Verify the identities algebraically.
1.) TAN^5 X= TAN³X SEC²X-TAN³X
2.) COS³X SIN²X= (SIN²X-SIN^4X)COS X
LS = cosx (cos^2 x) (sin^2 x)
= cosx (1 - sin^2 x) (sin^2 x)
= cosx(sin^2 x - sin^4 x)
= RS
To verify the given identities algebraically, we need to convert both sides of the equation to the same form and simplify until they are equal. Let's start with the first identity:
1.) TAN^5X = TAN³X SEC²X - TAN³X
First, let's simplify the right-hand side (RHS) of the equation:
TAN³X SEC²X - TAN³X
Using the identity SEC²X = 1 + TAN²X, we substitute this value:
TAN³X (1 + TAN²X) - TAN³X
Expanding:
TAN³X + TAN⁵X - TAN³X
Simplifying:
TAN⁵X
Now, we have TAN^5X on the RHS, which is equivalent to the LHS of the equation. Hence, the first identity is verified algebraically.

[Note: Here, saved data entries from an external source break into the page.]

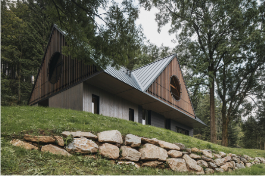 Buildings in the Krkonoše Mountains are defined by massive, steep roofs that once made it possible to survive the long winters. With hayloft dormers, an asymmetrical roof set on a low log structure creates a sheltered porch, boarded gables, stone plinths, and a traditional tripartite layout. It was precisely such a house that we sought to return to its rightful place.
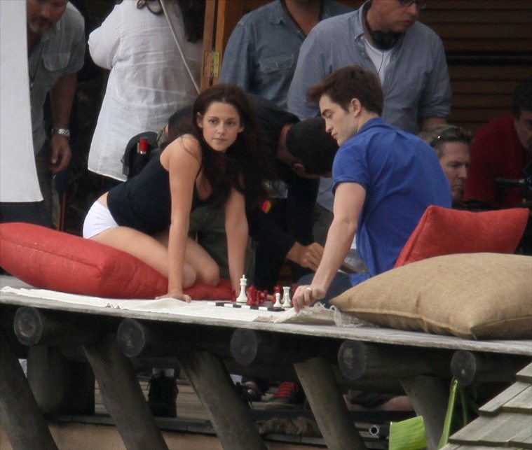 Robert Pattinson e Kristen Stewart giocano a scacchi sul set di “Breaking Dawn” sally 22 Novembre 2010 I due attori della Twilight Saga, Robert Pattinson e Kristen Stewart, intenti a giocare a scacchi sul set di “Breaking Dawn“. Foto: TheImproper Tags: Breaking Dawn Kristen Stewart Robert Pattinson Twilight Saga
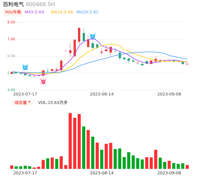 09月08日,百利电气收报5.54,股价涨幅0.18%,成交金额8651.04万元,换手率1.44%。
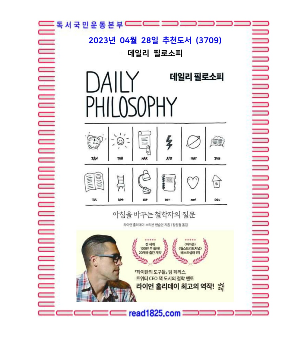 스토아 철학자들은 아침의 선구자이며 밤의 사제라고 불렸다. 그들은 일찍부터 삶을 준비했고, 저녁엔 사색에 잠겼다. 『데일리 필로소피』는 이들의 실천법에 영감을 받아 만들어졌다. 366일로 책이 구성된 것은 하루 한 번의 사색을 의미한다. 우리는 사색하는 시간을 통해 가장 먼저 삶의 목적과 방향을 찾아야 한다. 그래야만 내가 하고 싶은 일이 어떤 것인지, 내가 바꿀 수 있는 것과 없는 것이 무엇인지 알 수 있으며 시련이 닥쳐도 실망하거나 후회하며 주저앉는 대신 앞으로 나아갈 수 있다.

Moving on to the second identity:
2.) COS³X SIN²X = (SIN²X - SIN^4X) COS X
Let's simplify both sides of the equation:
LHS: COS³X SIN²X
RHS: (SIN²X - SIN^4X) COS X
Expanding the right-hand side:
LHS: COS³X SIN²X
RHS: SIN²X COS X - SIN^4X COS X
Using the Pythagorean identity SIN²X = 1 - COS²X, we substitute this value in:
LHS: COS³X SIN²X
RHS: (1 - COS²X) COS X - (1 - COS²X)² COS X
Expanding further:
LHS: COS³X SIN²X
RHS: COS X - COS³X - COS X + 2 COS³X - COS X COS²X + 2 COS³X COS²X - COS X COS⁴X - 2 COS³X COS⁴X + COS²X COS⁴X
Simplifying the RHS:
LHS: COS³X SIN²X
RHS: 4 COS³X - 2 COS X - 2 COS³X COS²X - 2 COS³X COS⁴X + COS²X COS⁴X
Comparing the LHS and RHS, we have:
COS³X SIN²X = 4 COS³X - 2 COS X - 2 COS³X COS²X - 2 COS³X COS⁴X + COS²X COS⁴X
The equation holds true. Hence, the second identity is verified algebraically.
Note: In some cases, it is possible to simplify both sides of the equation further or use alternative trigonometric identities to reach the same conclusion.